Drinkwater sensed a rivalry existing between the two young men. He turned to Fraser, standing beside the binnacle and watching anxiously as they crept into Chinese waters.
'What's your opinion, Mr Fraser?'
Fraser borrowed Quilhampton's proffered glass and clambered on to the larboard rail. At last he jumped down.
'No doubt, sir. A British seventy-four, two frigates and two sloops ...'
'A seventy-four!' exclaimed Drinkwater, unable to contain his surprise. The presence of a powerful third-rate argued it was, at the very least, a force under a senior captain flying a commodore's broad pendant. And that meant an officer senior to Drinkwater. Now his plan to recruit his ship before reporting his presence to his seniors was impossible. He fished irritably in his tail-pocket for his Dollond glass and, stepping up on a carronade slide, half-hoped to confound the experts beside him. To his intense annoyance he found they were correct.
There was something familiar about the seventy-four. She lay with her head to the eastward, riding to a weather tide, and he had a good view of her. He was certain he had seen her before. Then he recognised her. He shut his glass with a snap and jumped down to the deck.

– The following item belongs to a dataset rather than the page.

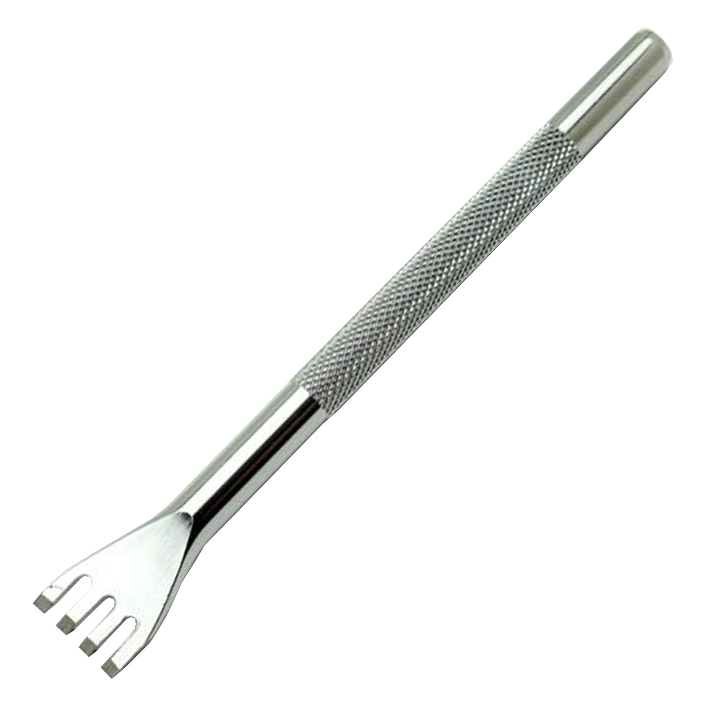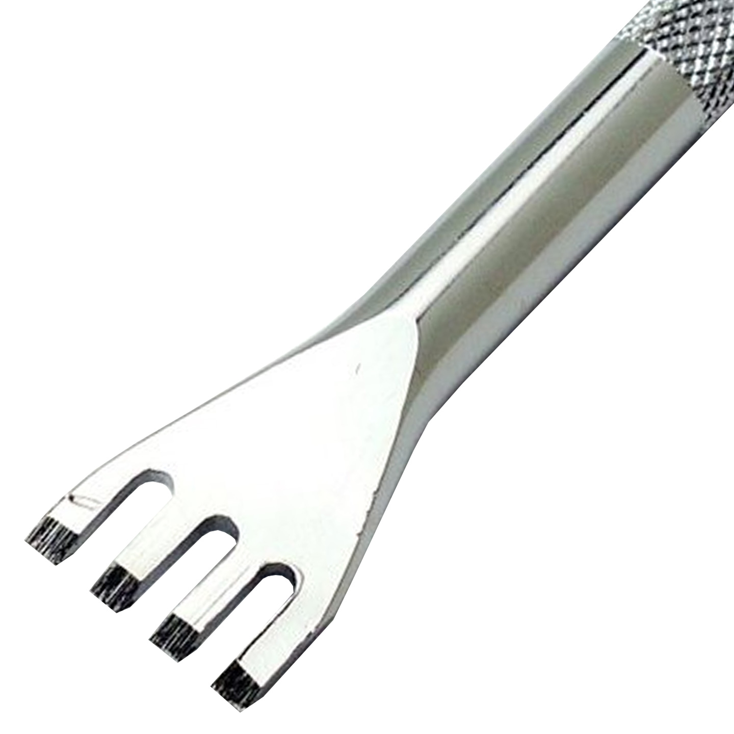 Because it can punch four holes at once, this thonging chisel is a more effective way to make slits, making it ideal for punching holes on the edges of your leather. Use this tool to punch holes, together with other thonging chisels in various prong numbers and sizes, depending on your demands (each sold separately).

'She's the Russell , gentlemen, unless I am greatly mistaken.' But he was confident of her identity. She had been part of Onslow's division at Camperdown and had stood in the line at Copenhagen where, punished for her mistake in following the Bellona , she had taken the ground under the Danish guns. 'And she flies a flag at her mizen ...'
There was no doubt in Drinkwater's mind that he had discovered the squadron under Rear-Admiral Drury.
He had his barge called away as soon as he had saluted Drury's flag, leaving Fraser to anchor Patrician and Musquito . He could only clearly identify one of the two frigates, the Dedaigneuse , for a fine rain had begun to fall and a damp chill filled the air so that the oarsmen bent to their task over a smooth sea, blowing the trickling rain from their mouths. Drinkwater sat wrapped in his thoughts. He watched the big two-decker loom over them as they approached, remembering her on a grey, gun-concussed October afternoon off Camperdown eleven years earlier. Eleven years! Where had the time gone? He wondered if Tregembo, sitting beside him at the tiller, entertained himself with such gloomy thoughts. Eleven years! They were both worn out in the King's Service, grown grey in the harness of duty like their ships.